Stronger Food Standards Agency needed to beat fraud

By Michael Stones

- Last updated on GMT

The FSA should be strengthened to combat food fraud more effectively, said Professor Chris Elliott
The FSA should be strengthened to combat food fraud more effectively, said Professor Chris Elliott

Related tags Food standards agency Fsa

A stronger Food Standards Agency (FSA) – equipped with responsibility for food compositional labelling – is a key recommendation of the interim Elliott Review, commissioned by the government to investigate the supply chain after the horsemeat crisis.

Author of the report Professor Chris Elliott, from Queen’s University Belfast, wrote: “I consider that the lead role for supporting research into authenticity testing, and policy over compositional labelling should revert to the FSA ​[from the Department for Environment, Food and Rural Affairs (DEFRA)], so as to have closer links to its operational activities.”

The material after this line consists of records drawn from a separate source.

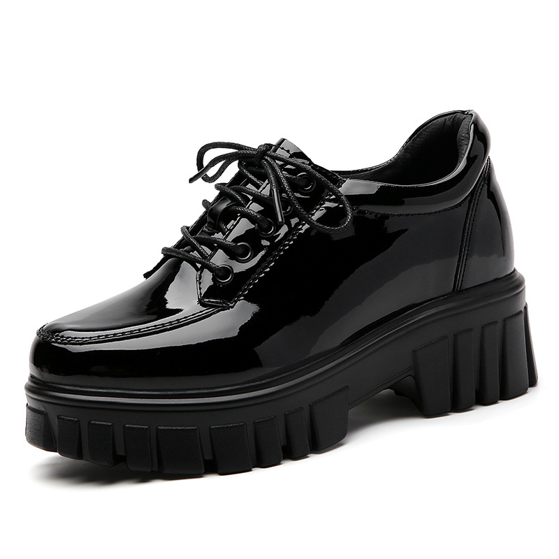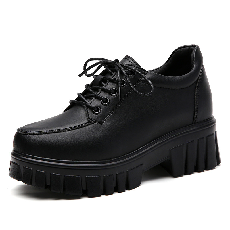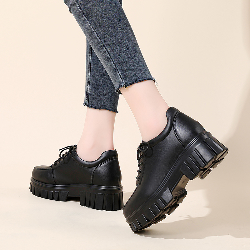 2024 весенняя новая женская обувь на толстой подошве на платформе, корейская версия, универсальные кожаные туфли на толстой подошве, модные повседневные туфли на плоской подошве в британском стиле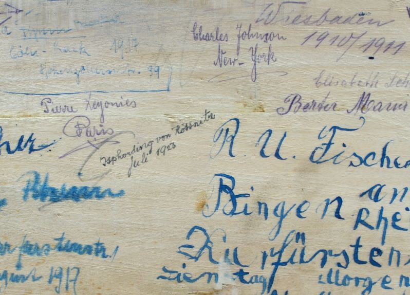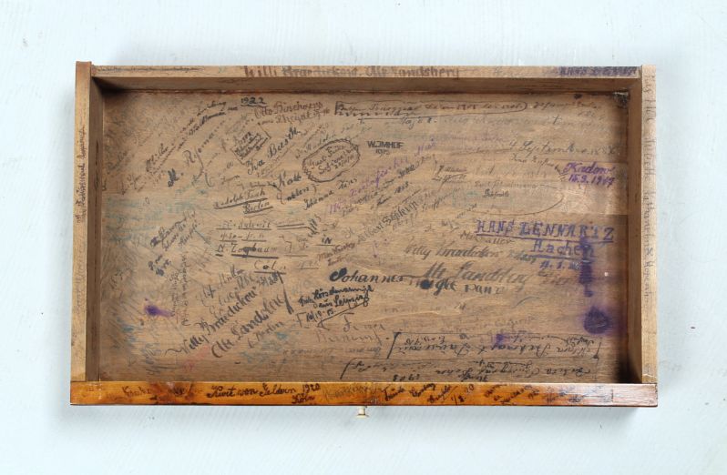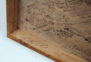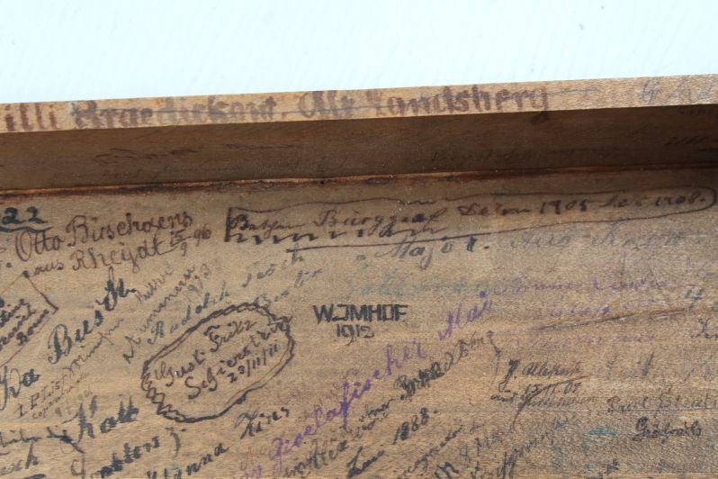 Man sagt "Narrenhände beschmieren Tisch und Wände..." In diesem Fall jedoch tragen die vielen Inschriften meiner Meinung nach zu dem besonderen Charme des Möbelstückes bei und sind doch auch eine ganz eigene Art von Patina!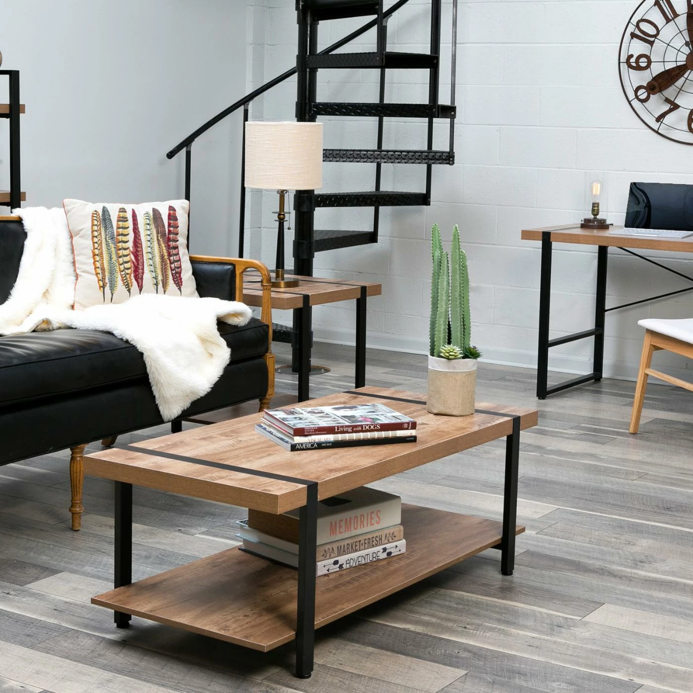 - Oak finish with black steel accents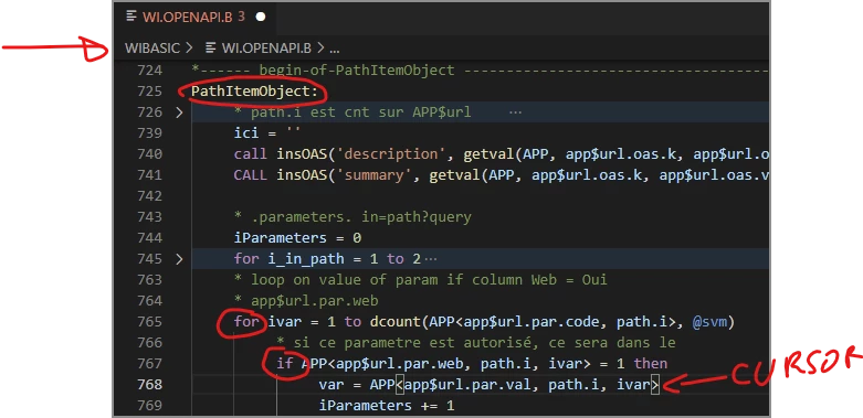 IndentLevel := the list of nested indent 'word' ... for, if, loop, if with first next word ... in sample WIBASIC > WI.OPENAPI.B > PathItemObject: > for ivar > if APP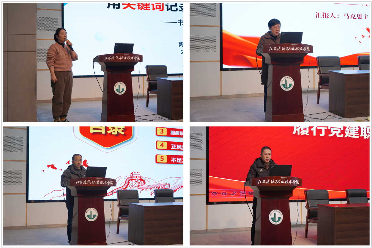 会前,各党总支、直属党支部书记向学校党委书记提交了书面述职报告。会上,建筑建造学院党总支、建筑管理学院党总支、智能制造学院党总支、经济管理学院党总支、离退休党总支、马克思主义学院党支部、图书馆党支部、继续教育学院党支部等8位书记进行了现场述职。述职紧扣基层党建难点堵点痛点问题,特别是主题教育总结评估和上年度查摆发现的问题,讲清履职尽责抓党建的硬招实招,既有党建成果展示和经验介绍,也有履职体会和工作分析。
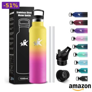 ✨ KollyKolla – Borraccia Termica 1 litro con Cannuccia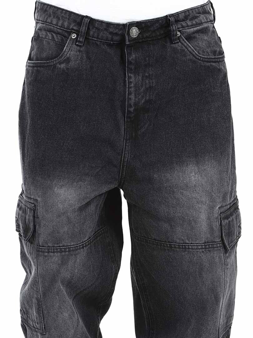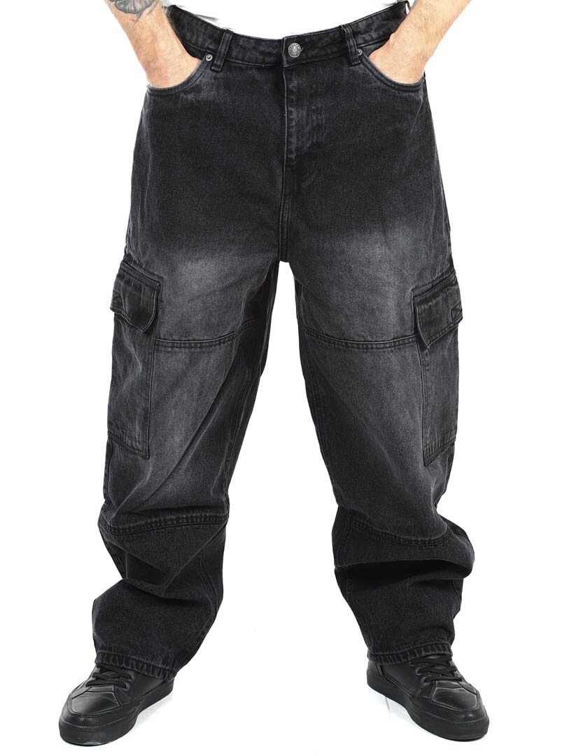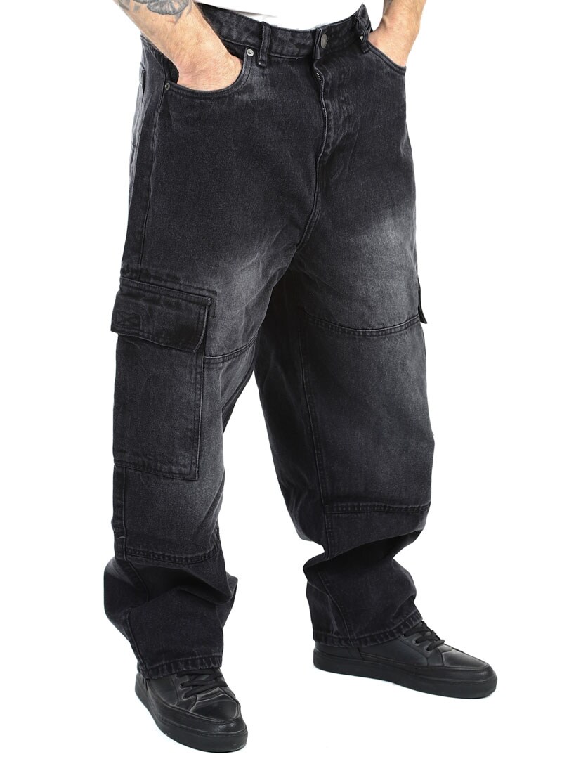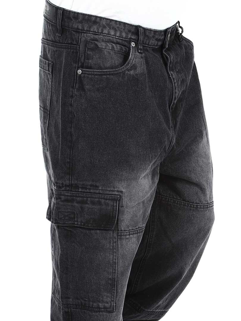 Cargobyxor i grov denim med snygg tvätt. De har fem klassiska fickor och två rymliga fickor med kardborre på benen. Med sin lösa passform erbjuder dessa jeans en kombination av stil och komfort för en trendig look!

Research into authenticity and information to support clear labelling about composition should have closer links to delivery, he said.

In a move widely criticised by consumer watchdog Which? and others, the coalition government shifted policy responsibility for food authenticity and composition – when unrelated to food safety – to the DEFRA. Responsibility for nutrition and health was transferred to the Department of Health (DH).

Crisis management

The Elliott Review also recommended the FSA should ensure it had an up-to-date crisis management plan and work more closely with DEFRA and DH to ensure their respective roles are clear in the event of a major incident.

It recommended the agency should act as an intelligence hub to share information with the food industry and government about food crime threats.

Read the more about the Elliott Review recommendations – including advice to establish a new Food Crime Unit – here​.

Meanwhile Which? argues that the decision to strip the FSA of responsibility for food standards, labelling and nutrition compromised the agency’s ability to respond quickly and effectively to the horsemeat crisis.

‘Caused a lot of confusion’

Sue Davies, Which? chief policy adviser, told Food Manufacture’s Food safety conference in October: “We’ve been concerned for some time about changes made to the FSA in 2010, which has made it a lot weaker and caused a lot of confusion​. That has been picked up by the Environment Food and Rural Affairs committee and the recent National Audit Office report.”

Responsibility for food labelling, standards and nutrition should be returned to the FSA to ensure it can “take a joined-up approach from a consumer perspective”, she argued.

Speaking at the same conference Andrew Rhodes, FSA chief operating officer, declined to comment directly on the wisdom of the responsibility changes because that would be “venturing into politics”.

But he added: “But there have been numerous reviews, so far, of the incident. None of the reviews said the machinery of government changes affected the response to the incident. Some have said the FSA is weaker – I’m not sure I would agree with that.”

Read industry reaction to the review here​ and the review itself here​.

Elliott’s final report will be published next spring.